Mechanisms of osteolysis associated with MMP2 mutation

• Project/Area Number: 19791035
• Research Category: Grant-in-Aid for Young Scientists (B)
• Allocation Type: Single-year Grants
• Research Field: Orthopaedic surgery
• Research Institution: Kyushu University
• Principal Investigator: FUKUSHI Jun-ichi Kyushu University, 大学病院, 助教 (40444806)
• Project Period (FY): 2007 – 2009
• Project Status: Completed (Fiscal Year 2009)

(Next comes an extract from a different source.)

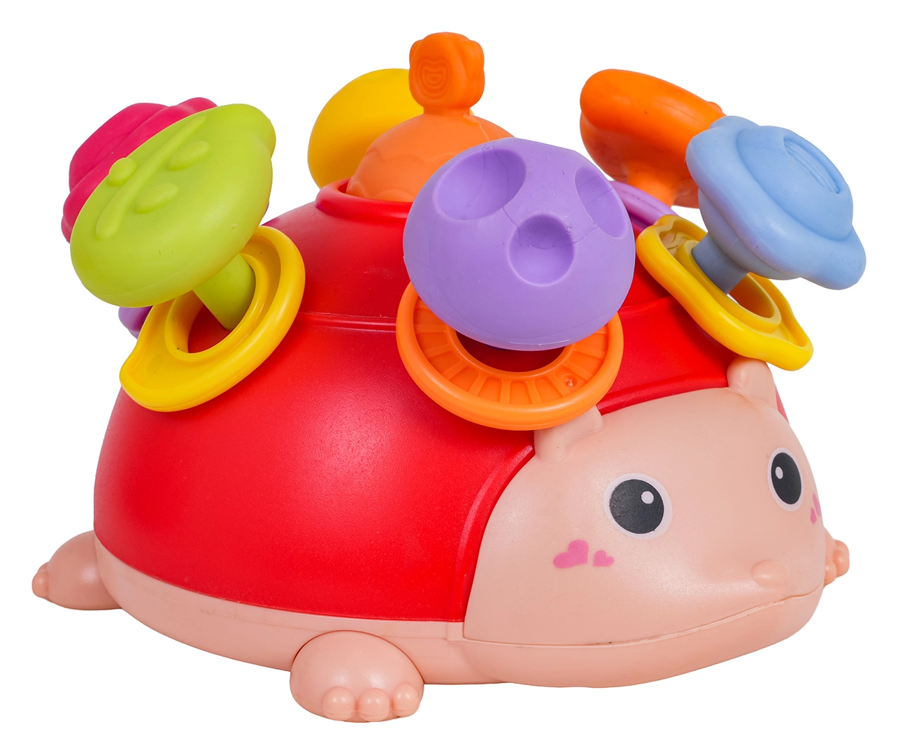 Χάρη στον προσεγμένο σχεδιασμό χωρίς αιχμηρές άκρες και τα ασφαλή υλικά, το παιχνίδι είναι ιδανικό για καθημερινό παιχνίδι στο σπίτι και στις βόλτες. Ο χαρούμενος, πολύχρωμος σχεδιασμός με τη γλυκιά φατσούλα παρακινεί τα παιδιά σε αυτόνομη δραστηριότητα και ενισχύει τα δαχτυλάκια και τη λαβή.

• Budget Amount: ¥3,890,000 (Direct Cost: ¥3,200,000、Indirect Cost: ¥690,000); Fiscal Year 2009: ¥1,170,000 (Direct Cost: ¥900,000、Indirect Cost: ¥270,000); Fiscal Year 2008: ¥1,820,000 (Direct Cost: ¥1,400,000、Indirect Cost: ¥420,000); Fiscal Year 2007: ¥900,000 (Direct Cost: ¥900,000)

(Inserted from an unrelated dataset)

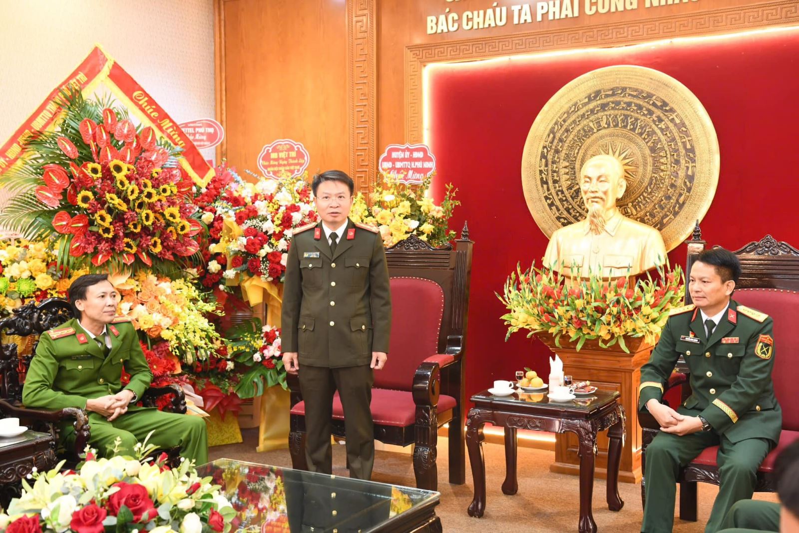 Tại buổi chúc mừng, thay mặt Đảng uỷ, lãnh đạo Công an tỉnh, đồng chí Đại tá Nguyễn Minh Tuấn, Giám đốc Công an tỉnh đã gửi lời chúc mừng tốt đẹp nhất đến tập thể lãnh đạo, cán bộ, chiến sĩ Bộ Chỉ huy Quân sự tỉnh nhân dịp kỷ niệm 80 năm ngày thành lập Quân đội nhân dân Việt Nam. Đồng chí đánh giá cao mối quan hệ phối hợp giữa các đơn vị lực lượng vũ trang trên địa bàn tỉnh. Đồng thời, tin tưởng trong thời gian tới, lực lượng Công an, Quân đội sẽ tiếp tục phát huy tinh thần đoàn kết, nhất là trong công tác phối hợp thực hiện nhiệm vụ bảo vệ an ninh quốc gia, bảo đảm trật tự an toàn xã hội, đấu tranh phòng, chống tội phạm; kịp thời xử lý các tình huống đột xuất, bất ngờ, giữ vững an ninh chính trị, trật tự, an toàn xã hội trên địa bàn. Đồng chí Đại tá Nguyễn Minh Tuấn, Giám đốc Công an tỉnh mong muốn trong thời gian tới, hai lực lượng sẽ tiếp tục phối hợp, hiệp đồng chặt chẽ, hoàn thành tốt mọi nhiệm vụ được Đảng, Nhà nước và Nhân dân giao phó.

• Keywords: 関節病学 / MMP2 / 骨破壊 / 骨溶解症 / 骨破壞

Research Abstract

Loss-of-function mutation in Matrix Metalloproteinase2 (MMP2) gene results in a rare disorder multicentric osteolysis (Winchester's syndrome). Because the phenotype of Winchester's syndrome is similar to that of MT1-MMP null mice, we sought to examine the molecular interaction between mutated MMP2 and MT1-MMP. For in vivo study, we planned to make a transgenic mouse model by overexpressing mutated MMP2.